◆ **Supplied material**
.....
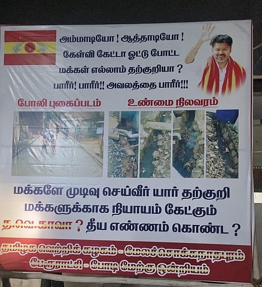 இதனால் கோபமடைந்த தமிழக வெற்றிக் கழகத்தினர் அந்தப் பேனருக்கு அருகாமையில், “கேள்வி கேட்டால் ஓட்டு போட்ட மக்களை தற்குறி எனக் கூறுவதா?” எனக் குறிப்பிட்டு திமுக கவுன்சிலர் வெளியிட்ட புகைப்படத்திற்கு உண்மை புகைப்படமாகச் சில புகைப்படங்களை வைத்து, “மக்களை முடிவு செய்வீர். யார் தற்குறி தவெகவா? தீய எண்ணம் கொண்ட?” குறிப்பிட்டு பேனர் வைத்துள்ளனர்.
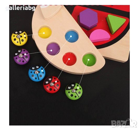 Дървена играчка тип Монтесори с геометрични форми и малки гаргари за риболов. Калинката е със затворени крила, на повърхността им има малки цветни калинки, които могат да се ловят.
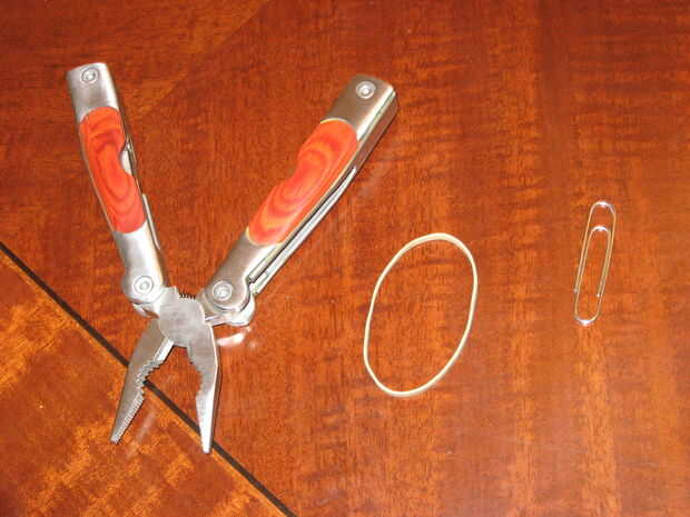 primero tiene que 2 pares de alicates (puede usar uno pero es easer para utilizar 2), una banda de caucho y un clip de papel (los grandes funcionan mejor.
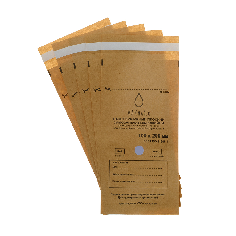 MAKnails, Крафт-пакеты для стерилизации инструментов, коричневые, 100х200 мм 100 шт.
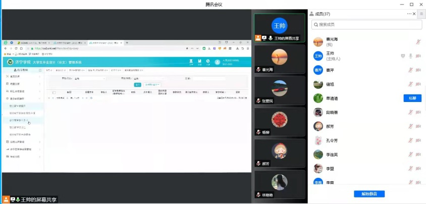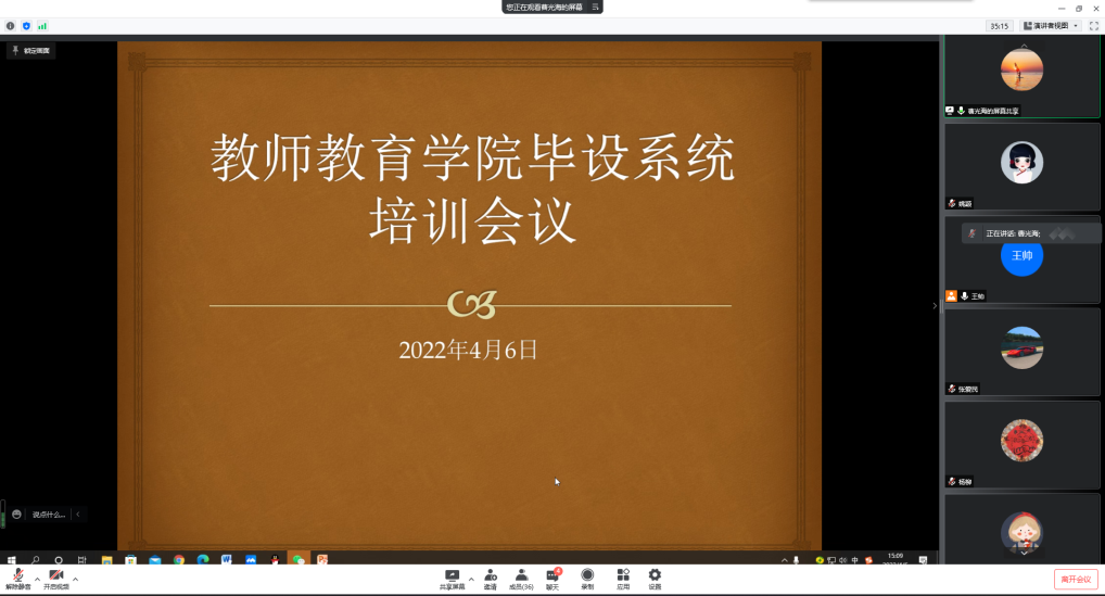 为加强教师教育学院本科毕业设计(论文)的规范化、信息化管理,帮助广大教师进一步熟悉毕业设计(论文)管理系统操作使用,保障2022届毕业设计(论文)工作的进度和质量,4月6日,教师教育学院面向该院教师组织了毕业设计(论文)系统操作使用线上培训会。会议由教师教育学院副院长曹光海主持,院长李群、副院长单清清、各专业论文负责人、论文指导教师等37人参加了培训。
.....
◆ **Brief**
Transcribe only the lines from the one holding "MAKnails, Крафт-пакеты для" through the last line of the listing above, inclusive, and do not include the pictures.

◆ **The answer**
 MAKnails, Крафт-пакеты для стерилизации инструментов, коричневые, 100х200 мм 100 шт.
 为加强教师教育学院本科毕业设计(论文)的规范化、信息化管理,帮助广大教师进一步熟悉毕业设计(论文)管理系统操作使用,保障2022届毕业设计(论文)工作的进度和质量,4月6日,教师教育学院面向该院教师组织了毕业设计(论文)系统操作使用线上培训会。会议由教师教育学院副院长曹光海主持,院长李群、副院长单清清、各专业论文负责人、论文指导教师等37人参加了培训。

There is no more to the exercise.